### INSTRUCTIONS TO FOLLOW
Only the lines from the start of the data through the line containing "- Первый прикреплённый" should be written out, exactly as they are, with both ends included and the pictures left out.
*** Opening of DATA FOR ANALYSIS ***
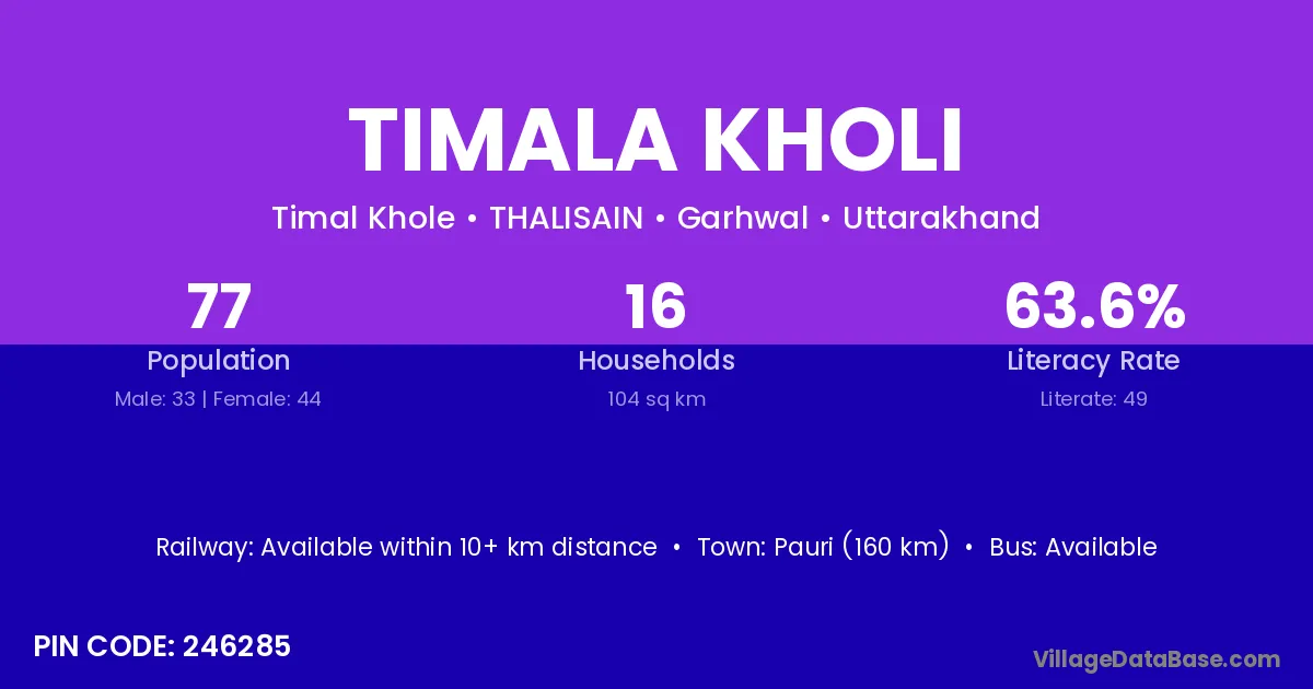 Pauri (160 km) is the nearest town to Timala Kholi village for major economic activities and is located approximately 160 km away.
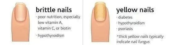 指甲发黄:有些指甲又厚又黄,通常是因为指甲内部有真菌存在,有这种情况的先要使用药物,对抗真菌等疾病。另外,指甲发黄也有可能有糖尿病或甲状腺功能减退的风险哦。
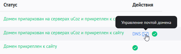 - Первый прикреплённый к сайту домен автоматически становится основным
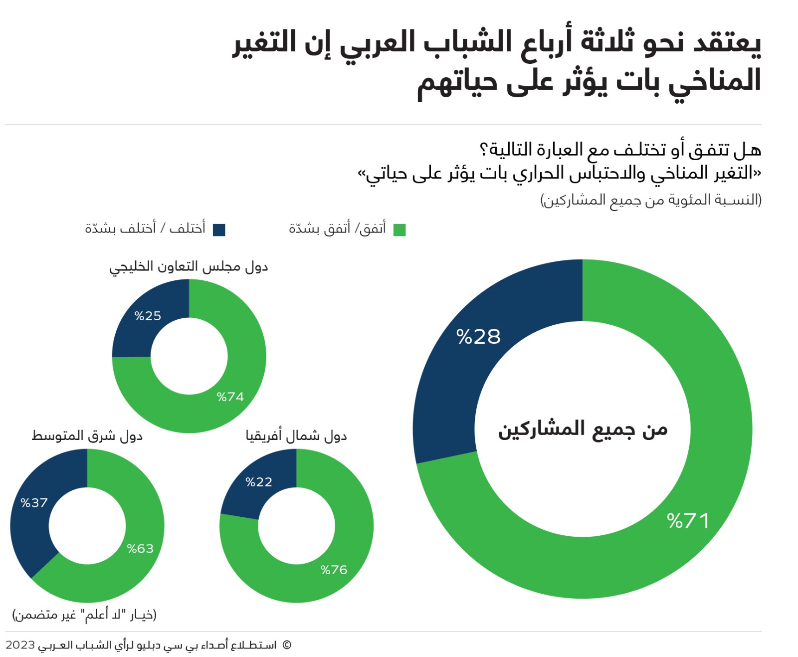 وتأكيداً على الانعكاسات المباشرة للتغير المناخي على المنطقة، يعتقد نحو ثلاثة أرباع (71%) المشاركين في استطلاع هذا العام أن الاحتباس الحراري بات يؤثر على حياتهم؛ وترتفع هذه النسبة إلى 76% في دول شمال أفريقيا و74% في دول مجلس التعاون الخليجي، فيما تصل إلى نحو الثلثين (63%) في دول شرق المتوسط.
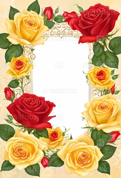 Розы в оттенках красного и желтого создают потрясающую границу вокруг пустого пространства. Этот дизайн предлагает прекрасный холст для сердечных заметок и особых сообщений. Генеративный ИИ
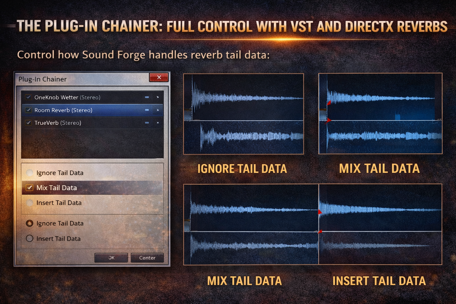 Tail data is the reverb decay that continues after the source audio ends. In the Plug-In Chainer, you choose how Sound Forge handles it: Ignore Tail Data cuts the reverb off abruptly (rarely sounds natural), Mix Tail Data blends the decay into the audio that follows (the right choice for most work), Insert Tail Data extends the file length to include the full decay. Always check this setting before applying reverb — the default may not match what you need.
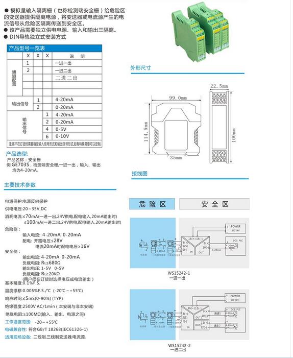 檢測(cè)端安全柵 隔離式安全柵 詳細(xì)技術(shù)參數(shù)及接線(xiàn)方式
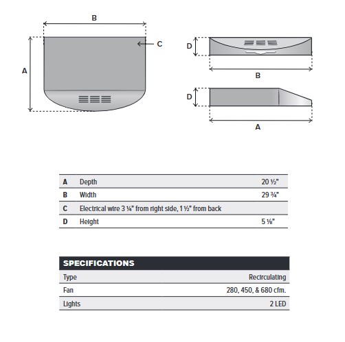 Elmira Stove Works 30" Recirculating Range Hood, Textured Black #1961
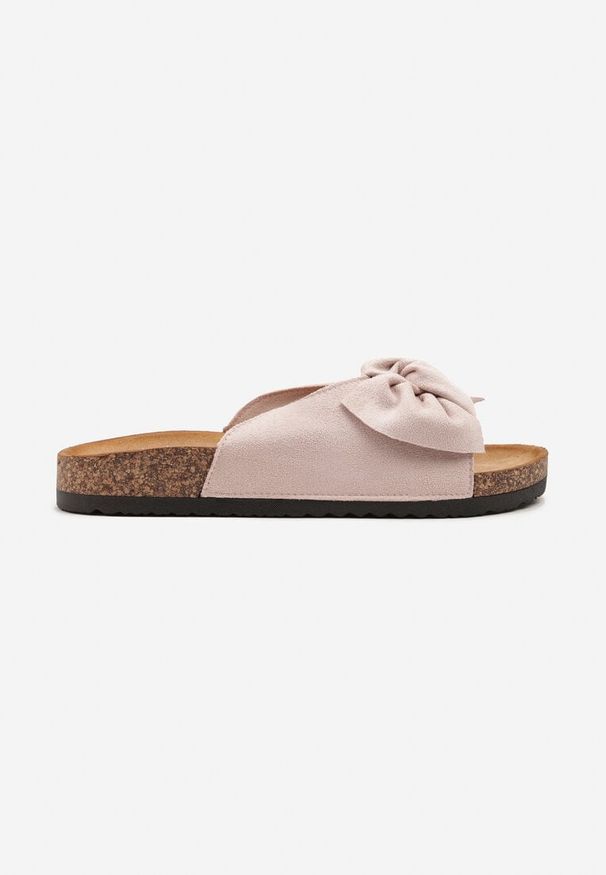 Renee - Beżowe Klapki na Grubej Podeszwie z Aplikacją w Kształcie Kokardy Quilfea. Okazja: na co dzień, na plażę. Kolor: beżowy. Materiał: jeans. Wzór: aplikacja. Styl: klasyczny, casual
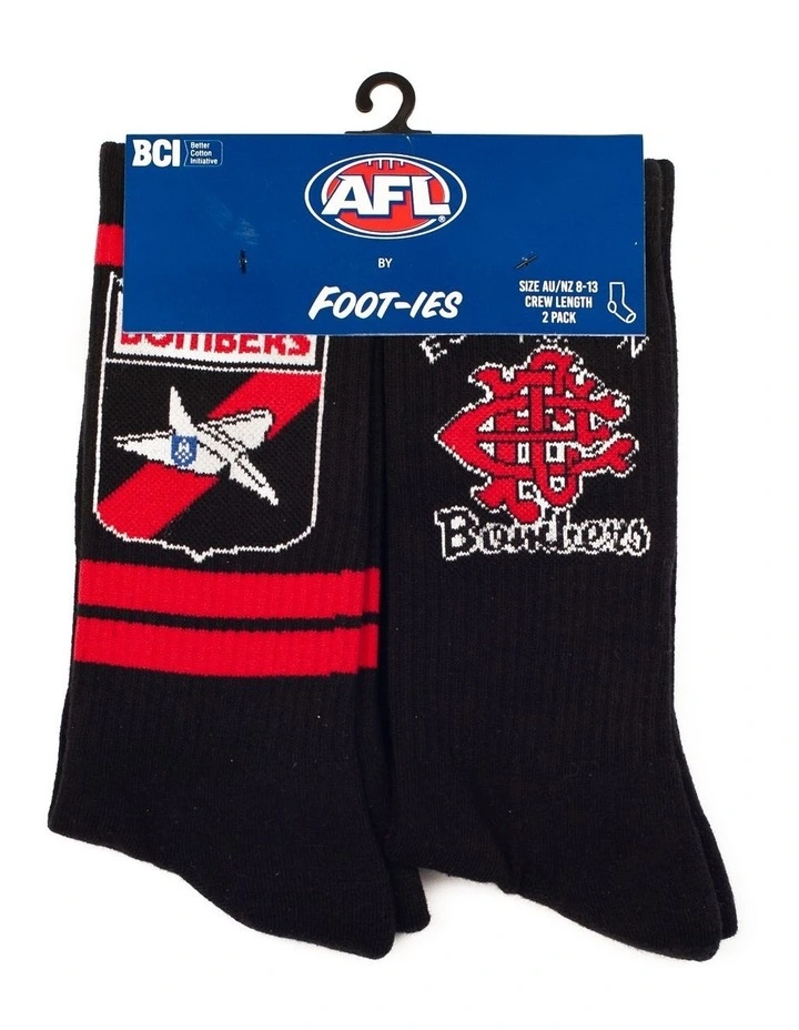 Officially licensed by the AFL, the 2 pack Sneaker Sock is the ultimate fusion sock, mixing street design cues with technical sport sock function in your favourite Essendon Bombers team colours. Designed to be worn everyday with sneakers this sock is engineered to fit the contours of your foot with extra padding in the heel and forefoot. Made from a careful blend of 68% cotton, 25% polyester and 7% elastane in a crew length fit. For best results warm machine wash to keep your team colours vibrant!
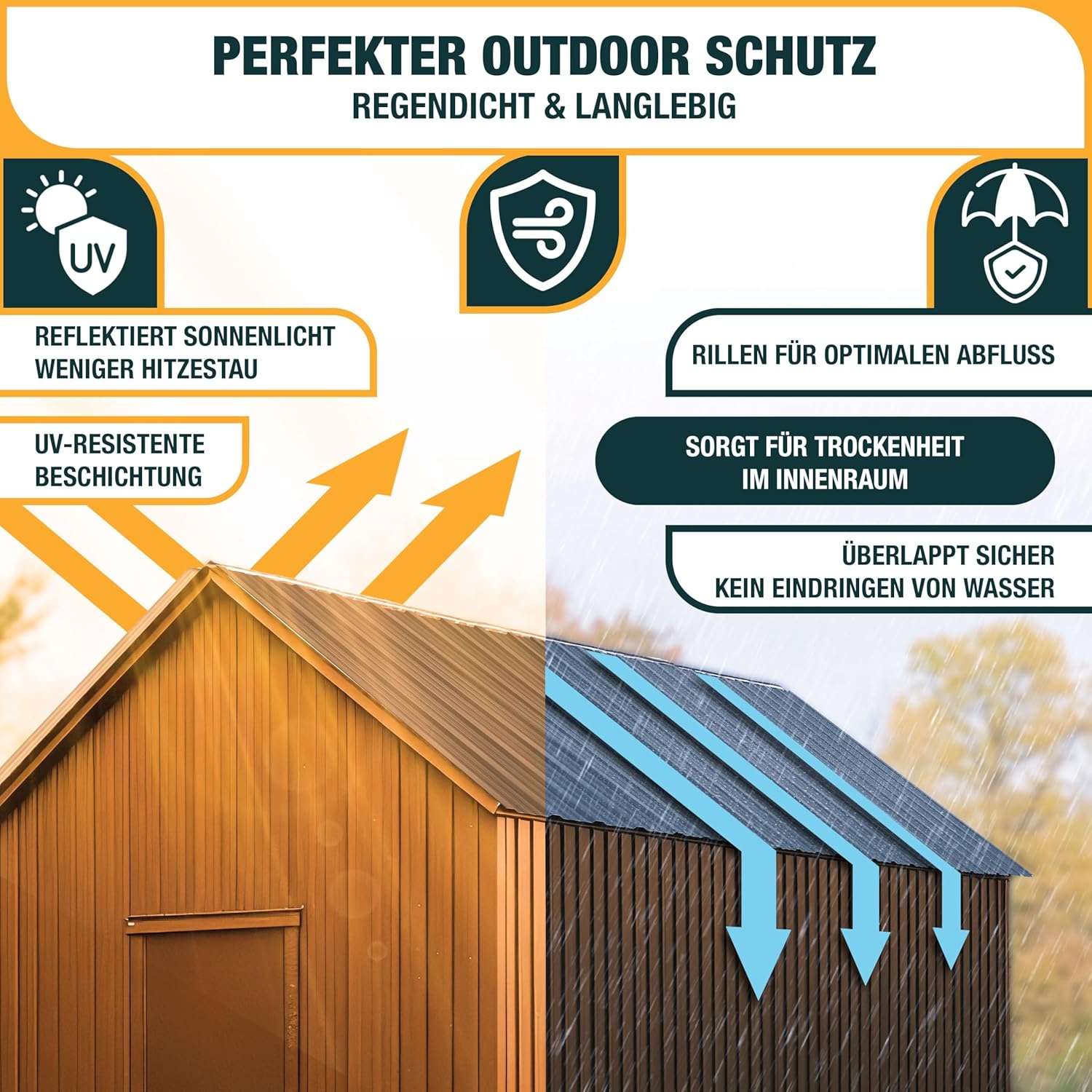 • Weerbestendig: de dakpanelen beschermen je bezittingen tegen weer en wind. De groeven dienen voor bescherming tegen water, zodat het water bij regen optimaal en gelijkmatig kan weglopen. Dankzij de vorm wordt ook voorkomen dat er tussen de afzonderlijke platen geen water binnendringt en zich daar kan ophopen.
*** Close of DATA FOR ANALYSIS ***
### RESULT
 Pauri (160 km) is the nearest town to Timala Kholi village for major economic activities and is located approximately 160 km away.
 指甲发黄:有些指甲又厚又黄,通常是因为指甲内部有真菌存在,有这种情况的先要使用药物,对抗真菌等疾病。另外,指甲发黄也有可能有糖尿病或甲状腺功能减退的风险哦。
 - Первый прикреплённый к сайту домен автоматически становится основным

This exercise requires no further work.